IMHO, thats an aspect, but a minor one.
> And the third thing is that
> his party is completely run by an old guard that have been his people for
> 25 years. Not one of them wants to say the Old man is wrong even when
> he's being outrageous. And the entire country suspects -- probably
> rightly -- that every one of them knew about it as well, which makes them
> all guilty with him.
Yesterday the situation has changed in this regard. The CDU Central
Executive asked Kohl either to name names or loose his honorary party
presidency, Kohl immedieatly renounced his party presidency. At the moment
the present CDU leadership around Schäuble and Merkel is trying to blame
Kohl for anything and present themself as the good guys. Though that is a
week line of defence, there is a real conflict between Kohl and his old
guard. In order to save their own skin, they have to press Kohl even more.
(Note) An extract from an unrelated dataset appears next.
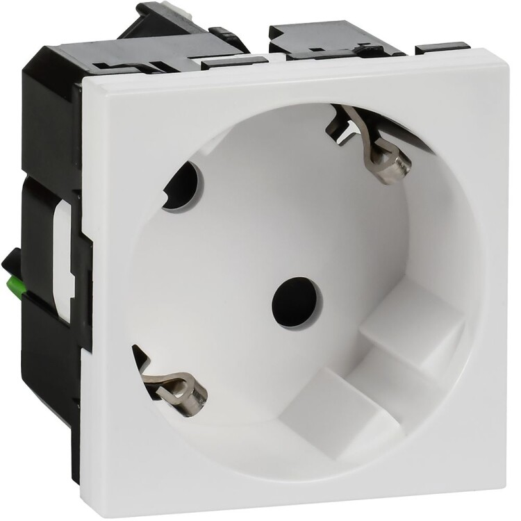 Розетка электрическая штепсельная с безвинтовыми зажимами предназначена для присоединения однофазных электрических потребителей к сети переменного тока напряжением 250В~ и частотой 50/60 Гц. Розетка поставляется с лицевой панель и устанавливаются в кабель-каналы DLP и Metra посредством соответствующих суппорт-рамок и в систему организации рабочих мест (лючки и колонны). Цвет: белый.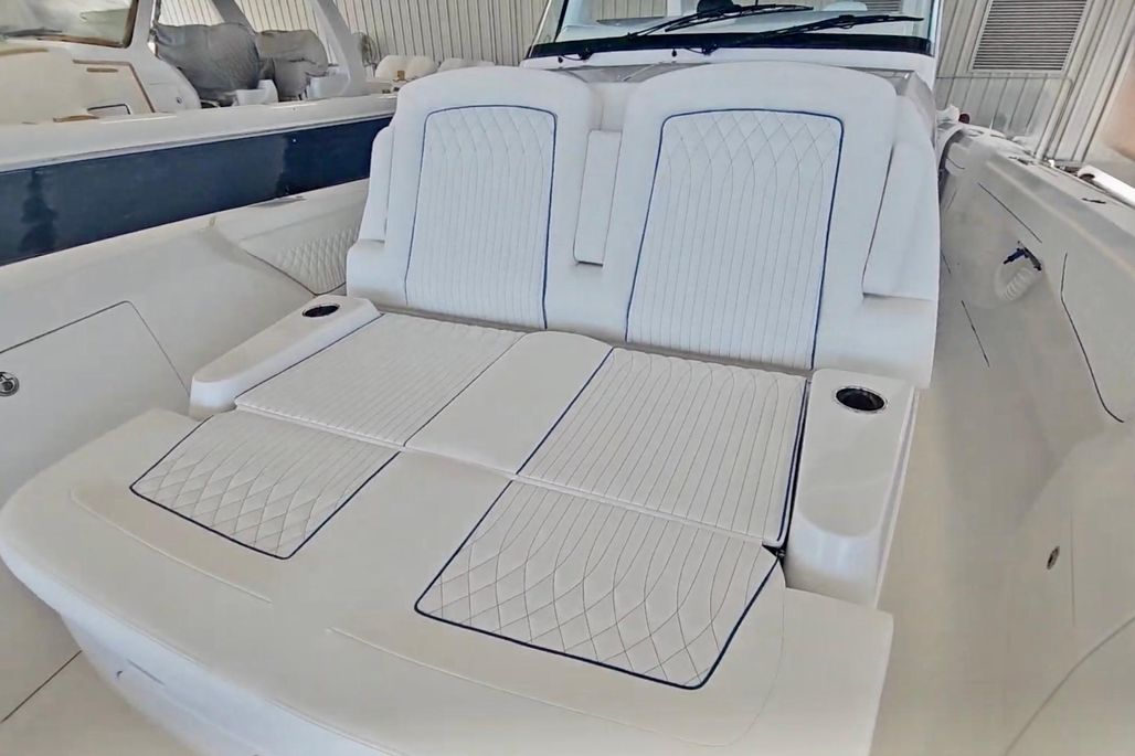 - Hydraulic Seats and Sun Loungers: Adjustable bolsters for all-day comfort during high-speed runs or relaxed anchoring, comfortable lounge seating to take in some sun.

> You're right that the soul of this dispute is legalistic. I think that's
> the key: it's the fury of legalism scorned. The law itself grew out of an
> earlier funding scandal (the Flick Affair) just like our laws grew out of
> the Watergate scandal. I think in both cases, much of the fury is is
> driven not just by the revealed disdain that lawmakers have for the law,
> but over just how impotent such laws are revealed to be. I think what
> drives nice liberals crazy is that each breach reveals that campaign
> reform -- and hence their fundamental faith in the system, which is
> premised the idea that office holders are not for sale -- is impossible.
> And then they pass another set of regulations and forget about it.
To some extent I agree with you, but even liberals did not trust Kohl so
much, so on the left there is not so much surprise as in conservative
circles. Ironically at the center of the affair is the former minister of
interior Kanther, he tried to launder the CDUs own money in Switzerland.
Up to now he was a sort of German Guiliani, praising law and order, calling
for zero tolerance against crime and thus being the hero of the
national-conservtive right wing inside the CDU. At his time as ministers he
introduced tougher laws on money laundering.